WBK_Attorney_QuinnRobert W. Quinn, Wilkinson Barker Knauer, LLP

Debt collectors of loans made or guaranteed by the federal government took another big hit in late April when the U.S. Court of Appeals for the Fourth Circuit invalidated the federal government debt collection exemption to the Telephone Consumer Protection Act of 1991 (47 C.F.R. § 227) (“TCPA”) which otherwise bars auto-dialed and pre-recorded telephone calls to mobile telephones (as well as pre-recorded calls to landline telephones) on First Amendment grounds. American Association of Political Consultants, Inc. v. FCC, No. 18-1588, 4th Cir. (Apr. 24, 2019).

The TCPA exemption for calls “made solely to collect a debt owed to or guaranteed by the United States” was enacted in the Bipartisan Budget Act of 2015.  While the TCPA provisions do not apply to calls made by the federal government, this TCPA exemption, which went into effect in 2016, provided more clarity regarding auto-dialed or pre-recorded collection calls made by financial institutions, debt collectors or other agents of the government pursuing government collection efforts.

In the district court proceeding, plaintiffs had asserted that the statutory exemption constituted an unconstitutional, content-based restriction on free speech in contravention of the First Amendment, and therefore that the entire TCPA should be invalidated.  AAPC v. Sessions, 323 F. Supp. 3d 737 (E.D.N.C. 2018).  Specifically, the plaintiffs had argued that the statutory exemption created a regime that permitted—and thus unconstitutionally favored—a select group of auto-dialed calls to cell phones based upon the content of the calls themselves. Therefore the ban was inconsistent with the purposes of the statute’s underlying prohibition of auto-dialed and pre-recorded calls and was facially unconstitutional.

The district court agreed with plaintiffs’ contention that the restriction was content-based, but ruled that the exemption survived a strict scrutiny analysis finding that the government had a compelling purpose in protecting the well-being, tranquility, and privacy of the individual’s residence and that the exemption did not detract from the statute’s purpose.  Consequently the district court found the exemption lawful and granted the United States’ Motion for Summary Judgment. Id., 323 F. Supp. 3d at 744.

On appeal, the Fourth Circuit affirmed (over the Government’s objection) that the exemption was indeed a content-based restriction and consequently subject to a strict scrutiny analysis.  In applying that analysis, however, the Fourth Circuit found the exemption under-inclusive and struck it down.  Specifically, the court found that the exemption authorized many of the intrusive calls that Congress intended the TCPA to prevent and that the impact of the exemption deviated from the purpose of the ban itself.

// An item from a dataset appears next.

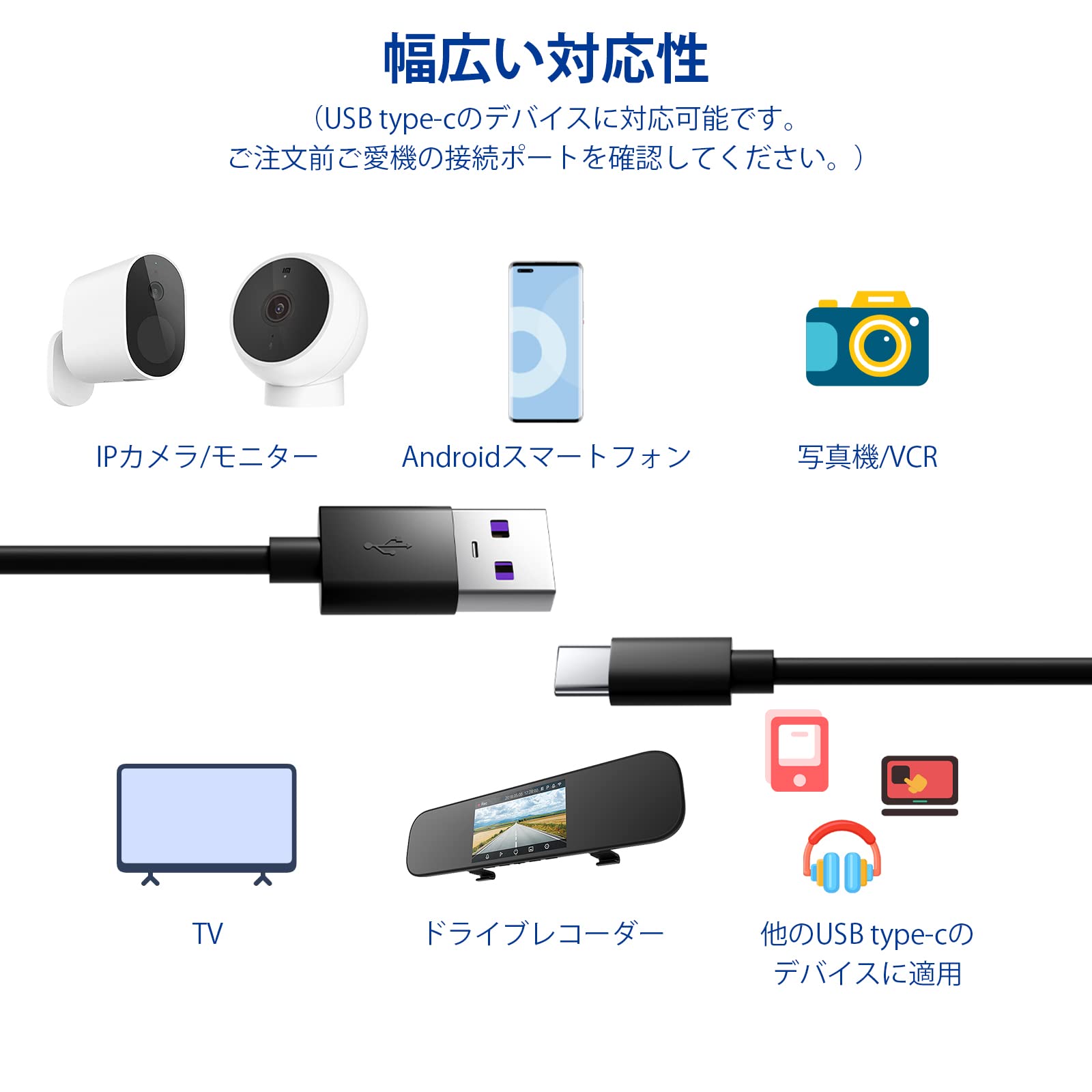 対応機種:TITACUTE usb-c ケーブルは、対応XiaoMi カメラ2K/miスマートカメラC400、対応wansview、対応EZVIZ CP1/C6C/CB2防犯カメラ、対応Nest Cam、対応YESKAMO,対応Wyze Cam Pan、対応アイモウ(Imou)、対応Furbo ドッグカメラ、対応Yi Camera Arlo Q, 対応Netvue、対応Blink Mini、対応Xbox seriesコントローラー、対応GoPro Hero 、ドライブレコーダーなど他のUSB Type-C端子あるの周辺機器やナビ、デジカメ、usb扇風機/デスクライト、モニターとPC接続に電源供給使用可能。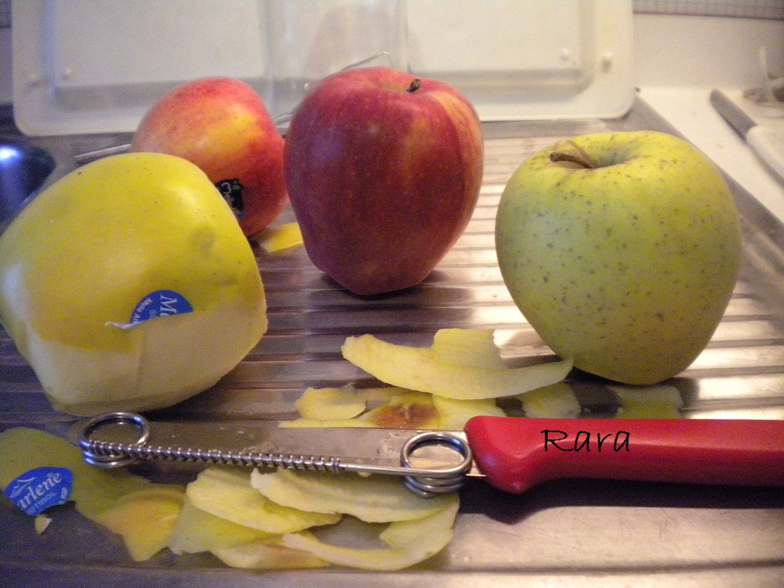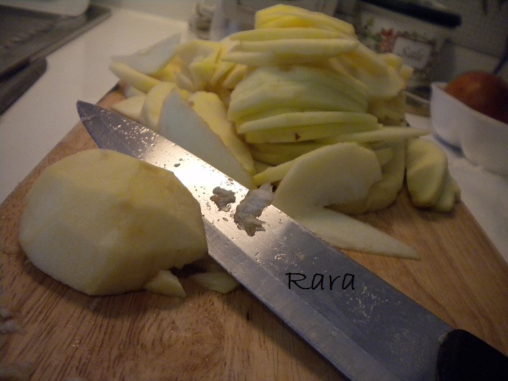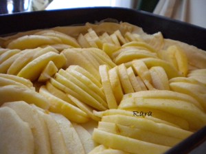 Semplicissimo il procedimento: foderare una teglia 24-26cm di diametro oppure come me una teglia quadrata, cona la carta forno e la sfoglia bucherellata sul fondo. Tagliare le mele a fettine sottili.

The court rejected the government’s contention that the ban was narrowly tailored, noting that the government had either guaranteed or was owed nearly 80% of all outstanding student debt, involving 41 million borrowers and over $1 trillion in federal student loans.  The court stated that when those figures were added to other federal government agency owned or guaranteed debt, involving the Departments of Agriculture, Housing and Urban Development and Health and Human Services, “the exemption is not at all ‘narrow’…”.  On that basis, the Fourth Circuit reversed the district court’s holding.

As noted above, the Plaintiffs in the case, all politically-affiliated organizations, had argued that by striking down the exemption, the entire TCPA prohibition related to auto-dialed or pre-recorded calls must fall—the ban itself as well as the exceptions.  The Fourth Circuit, however, rejected that contention and merely eliminated the exemption created by the Bipartisan Budget Act of 2015, leaving the balance of the TCPA intact.  So for now, at least in the Fourth Circuit, the TCPA is still in effect, but the exemption for autodialed or prerecorded calls “made solely to collect a debt owed to or guaranteed by the United States” is not.